[Winpcap-users] How can i getthenew-estpacketfrombuffer?HELPPLEASE~!

David Chang dchang at fsautomation.com
Tue May 26 09:06:00 PDT 2009

Again, I'm not sure exactly what you're are trying to do, but here's a 
method to get a set of packets, process them, then get another set of 
packets.  The only problem is that you are going to drop a bunch of packets 
while processing the first batch.

1. Use pcap_dump_open() to open a file for packet capture
2. In your packet capture loop, use pcap_dump() to write packets to the dump 
3. After writing out several thousand packets, do a pcap_dump_flush() and 
4. Open the pcap_dump file using pcap_open_offline()
5. Process the packets in the dump file.  Unlink the dump file.
6. Go back to step 1

There are two potential problems here:

1. You may not be able to capture all the packets into the dump file unless 
you have a VERY powerful I/O subsystem (fast disks in RAID-0 mode and a good 
NIC for packet capture)
2. Between step 3 and step 6 you will be dropping packets.
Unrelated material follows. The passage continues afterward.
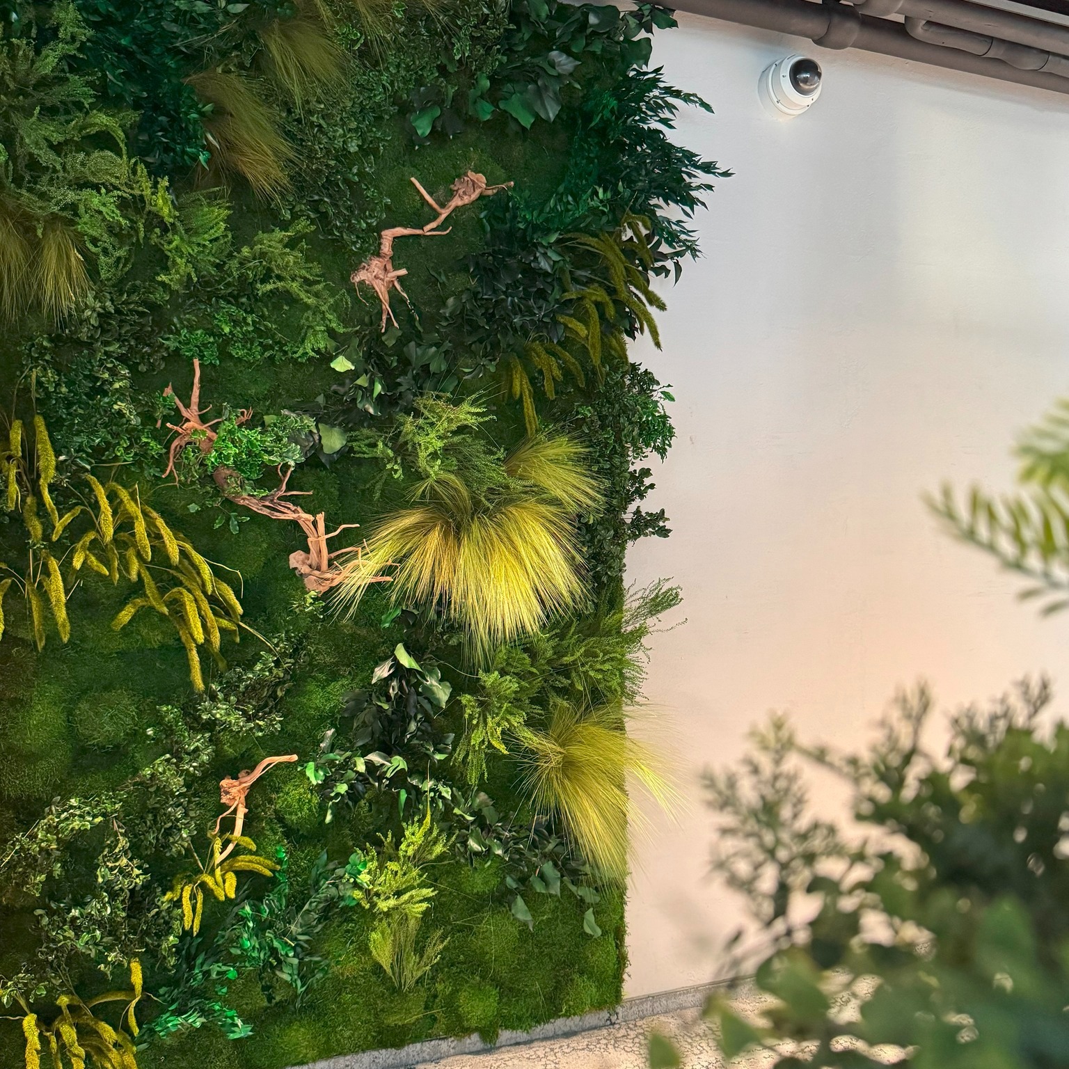 W zielonych ścianach dobrze działają gatunki o niewielkiej bryle korzeniowej. Bluszcz, zielistka, skrzydłokwiat, różne filodendrony i paprocie tworzą podstawę układu. Kwiatowe akcenty zapewnia anturium. Trawy ozdobne wnoszą rytm i lekkość. Kompozycję uatrakcyjniają różnice w fakturze i unerwieniu liścia. Gdy priorytetem jest bezobsługowość, mech stabilizowany daje stabilny kolor i formę, a jednocześnie pozwala tworzyć logo, panele kierunkowe i „obrazy” o powtarzalnym konturze. Dobrze zaplanowany miks osiąga równowagę między masą, kolorem i kierunkiem wzrostu, tak aby ściana nie „rozpadała się” wizualnie po kilku miesiącach.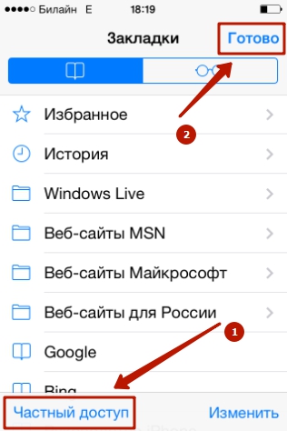 Если вы не желаете, чтобы адреса сайтов, которые вы посещаете, оставались в памяти мобильного устройства, пользуйтесь «Частным доступом ». Запросы после активации «Частного доступа » тоже сохраняться не будут. Включать функцию «Частный доступ » нужно в меню «Закладки » — достаточно просто кликнуть на одноимённую кнопку в левом нижнем углу, затем нажать «Готово ».

----- Original Message ----- 
From: "rst" <slash at realscene.com.tw>
To: <winpcap-users at winpcap.org>
Sent: Tuesday, May 26, 2009 2:19 AM
Subject: Re: [Winpcap-users] How can i 

The machine always sending packets , never stop.
and my computer only connected with the machine (using a crossover network 
so every packets I get are what I wanted, but only the newest packet I need.

Machine ----(Sending packets)---> My Computer 
.........................every 0.000005 second

My Application ----(Get the newest packet)---> Get information to do 
control...................every 0.0001 second

if the buffer can contrain 10000 packets,
0.000005 * 10000 = 0.05 second,
so I can only get the information before 0.05 second,
but in my realtime control, i must get the information less than 0.0001 

so have any ideas?

Really thank you!!

  If the other machine is sending a constant 200,000 packets per second and 
won't slow down, you may be out of luck.  However, if the other machine 
sends 200,000 packet per second for a short burst (say 10 seconds), then you 
should be able to store those 2M packets into your own memory space.  After 
you store the packets, you can do your analysis.

  For a quick test, just change your control loop to do...

  static int counter;


  That is, don't do anything with the packet (other than advance the buffer 
and count how many you receive).  This will tell you how fast your machine 
can move through the buffer.

  If this works well, then you need to do a memcpy() of the packet into 
pre-allocated space (i.e. malloc your own circular queue).  This will slow 
down the loop, but should be much faster than 0.1ms.

  Last question:  Most packet capturing applications need to decode EVERY 
packet, are you saying that you do NOT need to decode every packet?  If not, 
how do you know which packets you need to decode and which ones you don't?